Ce qui ne serait pas forcément un bon signe adressé aux marchés financiers, pressés d'en savoir plus sur cet ambitieux projet. Du coup, les partisans de l'opération mettent la pression et préviennent: "En cas d'échec, BAE serait avalé par les Américains et EADS se trouverait dans une situation très instable." 

L'Allemagne veut monter à 9%

Les négociateurs devaient tenter samedi de sortir de l'impasse les pourparlers entre l'Allemagne, la France et la Grande-Bretagne sur la fusion entre l'avionneur et le fabricant d'armes britannique. Les représentants des trois Etats n'étaient pas parvenus à s'entendre vendredi sur leur participation au capital de la nouvelle entité, qui formerait un géant mondial de l'aéronautique et de la défense loin devant l'américain Boeing.


"Les discussions se poursuivent", a assuré dans la journée de samedi le ministère allemand de l'Economie, sans plus de précision. "Nous avons été informés par les gouvernements de l'état des discussions mais ils ne nous ont aucunement dit qu'il n'y aurait pas d'accord", a déclaré vendredi un porte-parole d'EADS.  

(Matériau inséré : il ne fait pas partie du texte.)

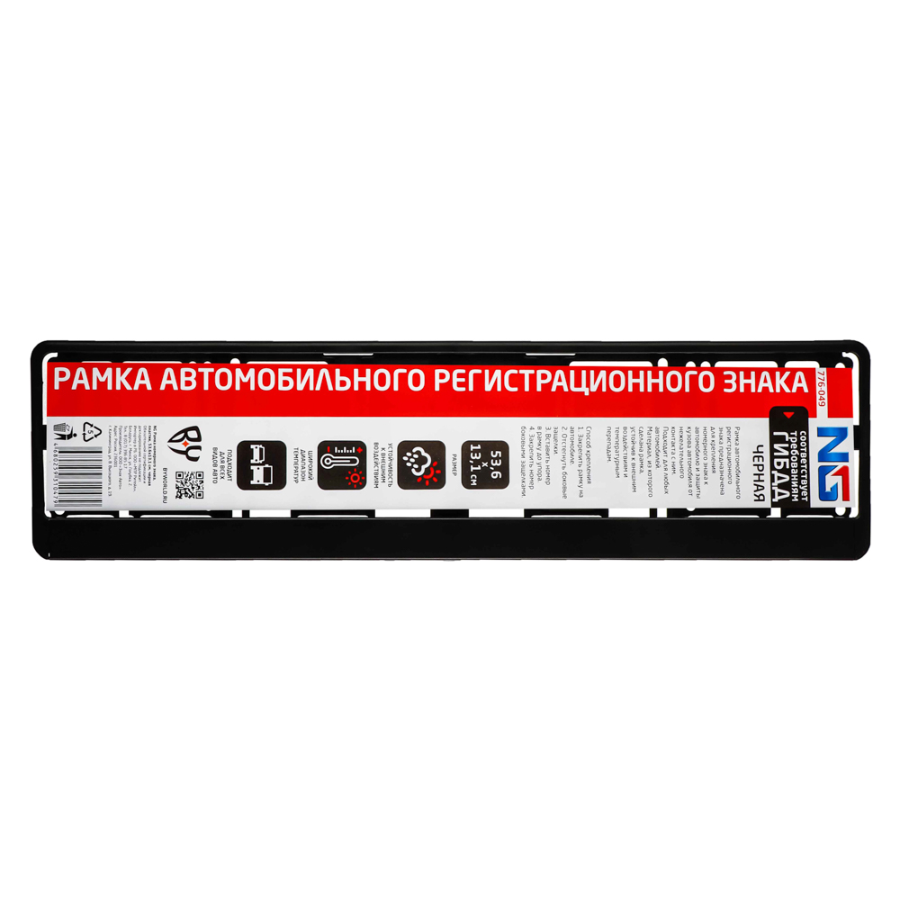 Рамка номерного знака New Galaxy 776-049. Материал, из которого сделана рамка, устойчив к внешним воздействиям и температурным перепадам.

Selon ce qu'ont dévoilé des sources proches des négociations à l'AFP, l'Allemagne entend monter au capital de la future société au même niveau que la France, l'autre grand Etat actionnaire de l'actuel EADS, soit 9%. "L'Allemagne veut le droit d'acquérir le même nombre d'actions que la France, pour des raisons psychologiques", a déclaré une de ces sources.  


La Grande-Bretagne est prête à accepter cette participation des deux Etats à condition que la France s'engage par écrit à ne pas acquérir les parts que le groupe de médias français Lagardère à l'intention de vendre à moyen terme. Or, selon cette source, "les Français disent: nous n'avons pas l'intention de racheter les parts de Lagardère mais nous ne vous donnerons pas une garantie écrite".  

Le siège, pomme de discorde

La Grande-Bretagne, qui se contentera de "l'action spéciale" proposée à chacun des trois Etats pour éviter toute prise de participation hostile, cherche à convaincre ses deux partenaires de rester en dessous de 10% des actions. Tout comme EADS et BAE, elle considère qu'une présence étatique trop importante au capital de la nouvelle société lui fermerait la porte du marché américain de la défense, les Etats-Unis se méfiant des entreprises publiques.  


Mais ce n'est pas la seule pomme de discorde, selon une source proche d'EADS. L'Allemagne insiste toujours pour obtenir le siège de la nouvelle entité, "une demande déraisonnable parce que le choix du siège de la maison est une décision économique", estime-t-on chez EADS.